Technical information
- Licensing authority: FCC
- Facility ID: 9068
- Class: D
- Power: 10,000 watts daytime only
- Transmitter coordinates: 35°58′7.52″N 79°0′9.04″W﻿ / ﻿35.9687556°N 79.0025111°W

Links
- Public license information: Public file; LMS;
- Webcast: Listen live
- Website: lagrandenc.com

= WLLQ =

WLLQ is a daytime-only AM radio station licensed to Chapel Hill, North Carolina, on 1530 kHz. The station is part of the regional Mexican music network called La Grande.

==History==

WLLQ debuted in 1973 as WRBX, a jazz-formatted station under the ownership of Stuart Epperson, later the head of national Christian broadcaster Salem Communications. WRBX's studios were located on Chapel Hill's West Rosemary Street, and the daytime-only station had 5,000 watts of power.

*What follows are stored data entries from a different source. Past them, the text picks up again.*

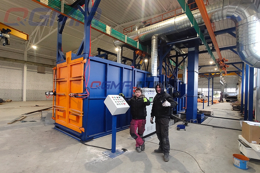 流水线抛丸除锈机是二工位悬链步进式抛丸清理设备,主要由抛丸清理室、气动开关门、抛丸器总成、丸料循环净化系统、悬链输送机(无级调速)、工件自转机构(无级调速)、除尘系统和控制系统等部分组成。悬链式抛丸机的大部分板焊件均经过喷丸处理,提高了防锈性能。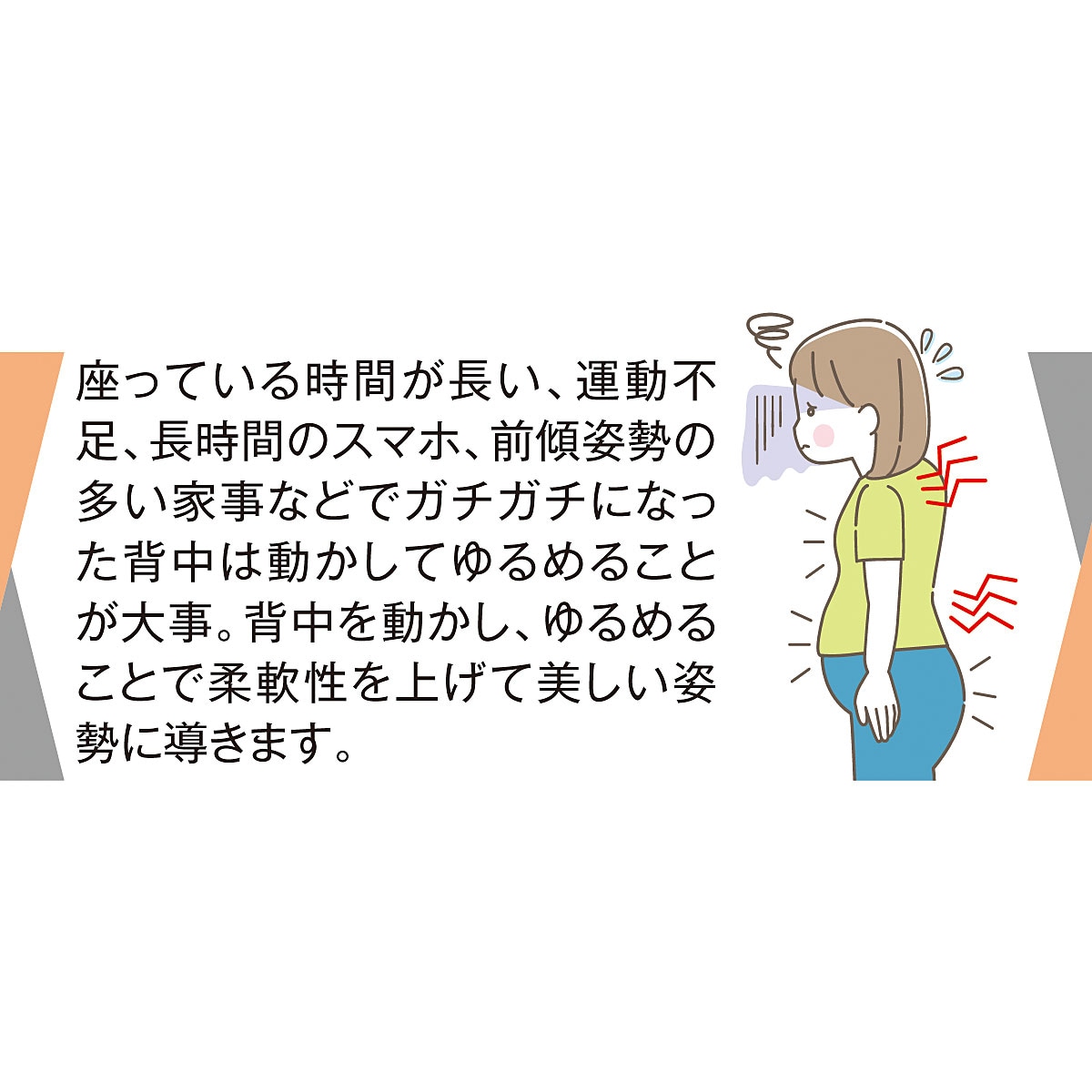 座っている時間が長い、運動不足、長時間のスマホ、前傾姿勢の多い家事などでガチガチになった背中は動かしてゆるめることが大事。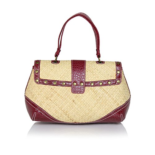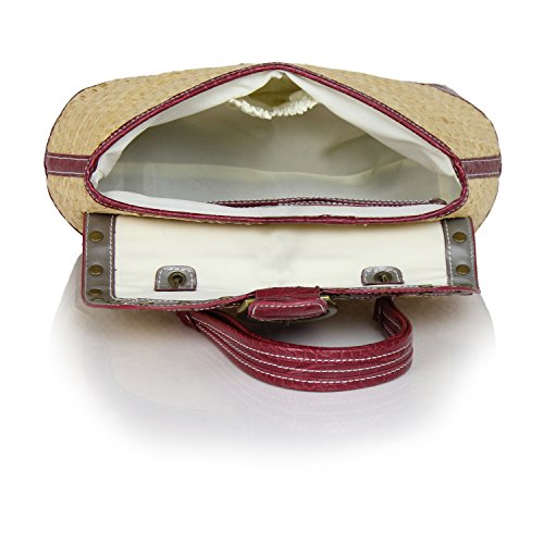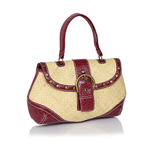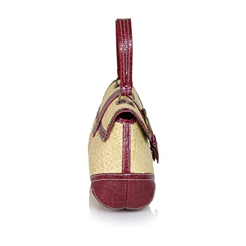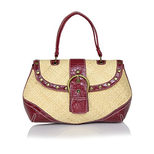 Vintage Straw Handbag w/Faux Leather Trim & Top Handle, Summer Shoulder Bag w/Buckle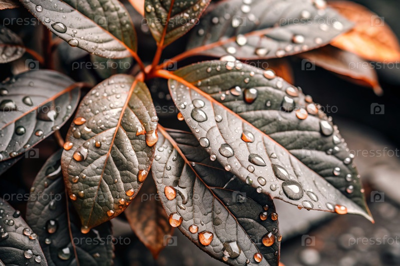 Макрографический крупный план красно-зеленых листьев, капли воды на листьях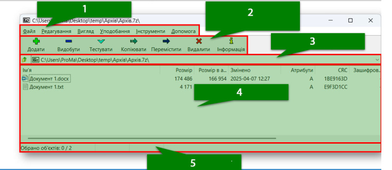 Вкажіть на Робоче поле у вікні програми 7-zip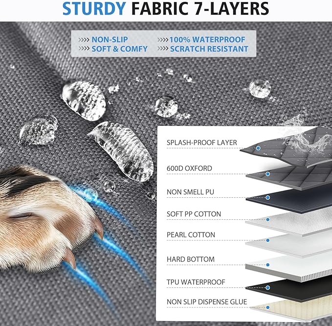 - 【Hard Bottom,Durable Material】This back seat extender for dogs is made of stronger but softer material. It is made of PU layer, which is flavorless and also waterproof. The surface is high-density firm Oxford cloth, more durable and easy to clean. Pearl cotton is sandwiched in the center, more soft. Thickened hollow board is more solid and not easy to bend. Encrypted and thickened webbing and lock buckle are more advanced and durable.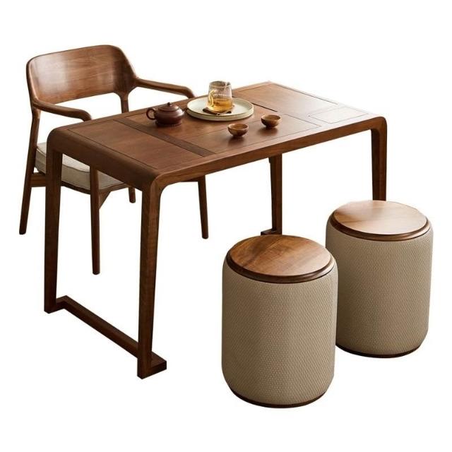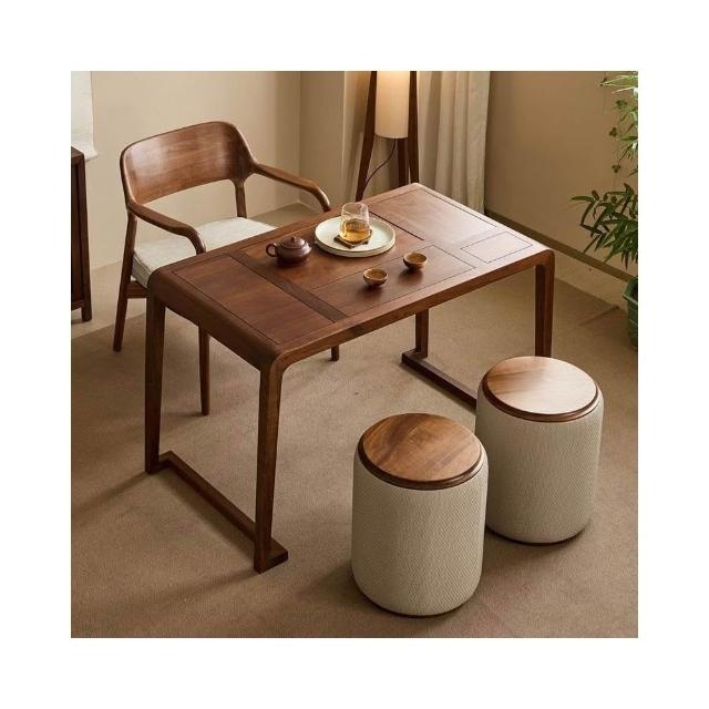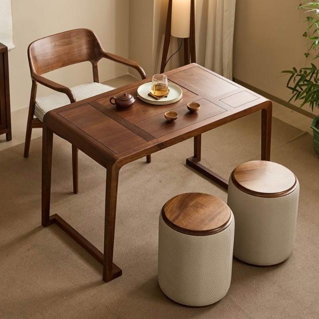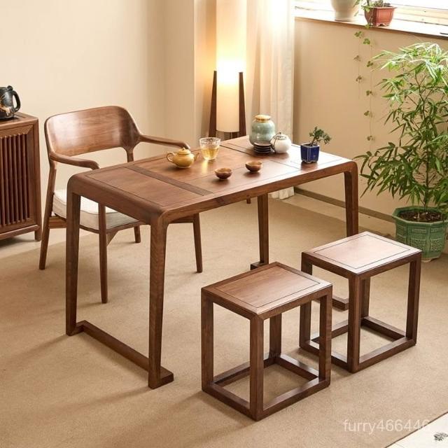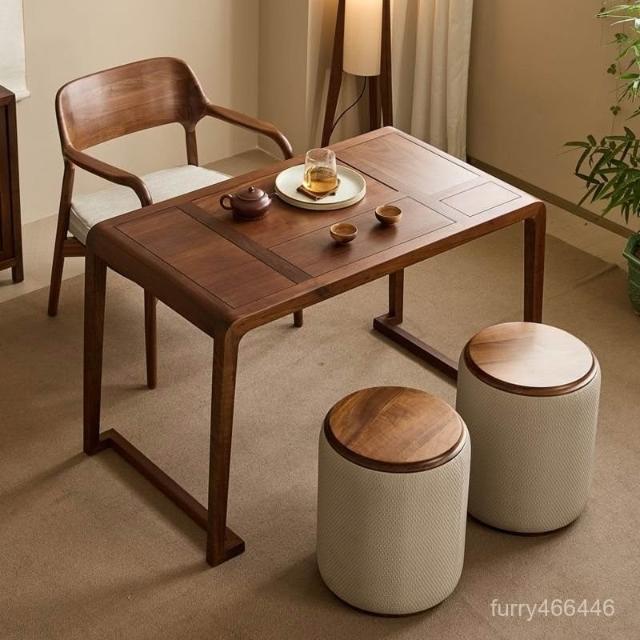 北美黑衚桃全實木茶桌陽臺小戶型多功能家用泡茶臺小書桌免漆家具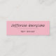 Ces caractéristiques de conception simples et simples de carte de visite un pâle - arrière - plan rose, et une rangée des tirets. Elle pourrait être employée par un professionnel tel qu'un apprêteur, un styliste en coiffure, un styliste ou un coiffeur de cheveux. Les détails de nom, de profession et de contact peuvent être personnalisés.

As the jazz format lost listeners to competitors on the FM dial, WRBX moved towards an inspirational Christian format. By 1978, WRBX had changed to a southern gospel format, increased its power to 10,000 watts and moved to studios on Durham-Chapel Hill Boulevard (US 15/501) near present-day New Hope Commons Shopping Center.

In 1979, Epperson sold WRBX to Hugh Johnston, who changed the station to a country format. The country format continued until 1985, when WRBX was sold to L. L. "Buddy" Leathers' Carolina Christian Communications, and the inspirational Christian format was reinstated. The station's studios were moved into Leathers' repair shop, and the call letters changed to WRTP.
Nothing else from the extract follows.